However, Because of biological specimens are contain mostly high protein and fat, it easy to be invaded and corroded by molds, bacteria and pests, which seriously affects the beautful shape and integrity of biological specimens, especially mold infection is more seriously. The traditional mouldproof methods and reagents have been generally toxic or harmful to the human body, and polluted the environmental, threatened the specimen preservation work, So, it has been not only a difficult problem for biological specimen production staff and scientific research workers, but also seriouslly polluted the environment of specimens exhibition, greatly endangered the health of visitors and researchers, as a result, biological specimen mold measurement technique and environmental control technology is of great significance.

Therefore, this paper elaborated the detection and identification technology of mold and the existing prevention and control technology, so as to find out the prevention and control measures and biological specimens can be preserved well for a long time.

Mold and its hazards

Mold is a kind of eukaryotic microorganism, without the differentiation of root, stem and leaf, camp parasitic and saprophytic life. Its basic structure is a reproductive spore and a growth function of mycelia. Under the suitable environment, the spore grows out of the spore tube, which gradually extends into filamentary shape, and then spore grows out from the end of the hyphae. In this way, the circulation is continuous, and the offspring can be reproduced continuously. In addition, the growth rate of mold is very fast, and the survival rate is also very high [1].Thus, under the right conditions, mold can wantonly eroded many objects, such as food, furniture, specimens, etc. Dagnas [2], found that mycelia grew on the surface of mildew food, which was harmful to human body. Therefore, they wanted to ensure food safety by strengthening the strict inhibition of mold growth in food production, processing and packaging. Recently, Robert K Bush, et al. proposed that property losses caused by fungal infection in Korean apartment buildings are particularly obvious, which are all related to furniture mildew caused by thermal conditions around apartments. In the case of specimens, mold erosion can be seen everywhere. This not only poses a threat to the long-term preservation of specimens, but also endangers the health of herbarium staff. Julia Hullab studied dozens of diseases such as allergic rhinitis, allergic asthma and urticaria caused by mold on human body [3-5]. It can be seen that mold hazards human from several aspects. As for the prevention and control of mold in biological specimens, we must take measures to maintain the normal shape of the specimens by detecting and preventing mold, which is of great significance to the future scientific research activities and the health of workers.

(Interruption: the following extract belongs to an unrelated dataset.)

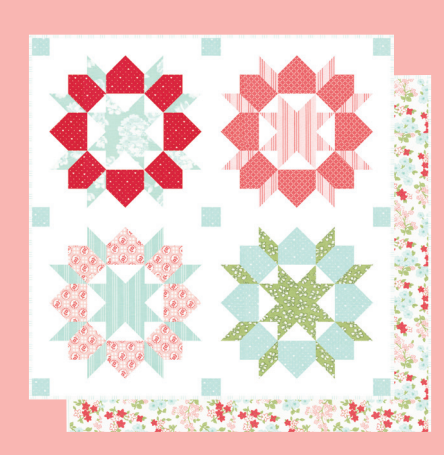
TB 170 Mini Swoon 19" x 19"
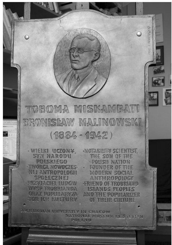
Fig. 1: The memorial plaque dedicated to Bronisław Malinowski in the Trobriand Islands.

In this manner, after nearly a century, Poles have finally paid appropriate tribute to the famous pioneer of anthropological fieldwork and one of the fathers of functionalism. It needs to be stressed, however, that in communist times Malinowski and his anthropological theory did not enjoy the same recognition and popularity in his native country as they did in the Western world. During the Soviet period, social sciences in Poland were dominated by Marxist ideology and viewed Malinowski’s functionalism as “a purely bourgeois construct,”

Mold detection method of animal specimens

Plate method: Medium plate method is the standard method of mold detection. The commonly used medium for mold is PDA medium or potato medium. Multiple single colonies were obtained by cultivating molds scraped from mouldy specimens, and inoculated into PDA medium by plate marking method, and then cultured in a 37℃ incubator for 2 days. According to national standard GB4789.16-2016, the normal temperature of a constant temperature incubator was 25℃±1℃ for 5-14 days [6]. After mould to grow, can undertake the classification of morphology with the naked eye, you can also use 40 times observed with optical microscope, connecting the computer, use the software to get all sorts of images of the mold, then describes the cultivation of the characters, colony characteristics, spores, spore production structure form and characteristics, this preliminary identification has a certain understanding of the mold.

Rapid detection paper disk method

It was different from the medium plate method, the mold rapid detection paper method developed by dai changfang, et al. [7] It could detect mold quickly, accurately and safely.This technique was used to count the number of mold colonies (simultaneously growing yeast colonies) on the paper after inoculation samples were cultured at (36±1)℃ for 40~48h and then the total number of mold colonies per gram (ml) of the sample was converted by the formula. The number of bacterial colonies detected by the paper method is obviously more than that by the plate method, and it is clear and typical.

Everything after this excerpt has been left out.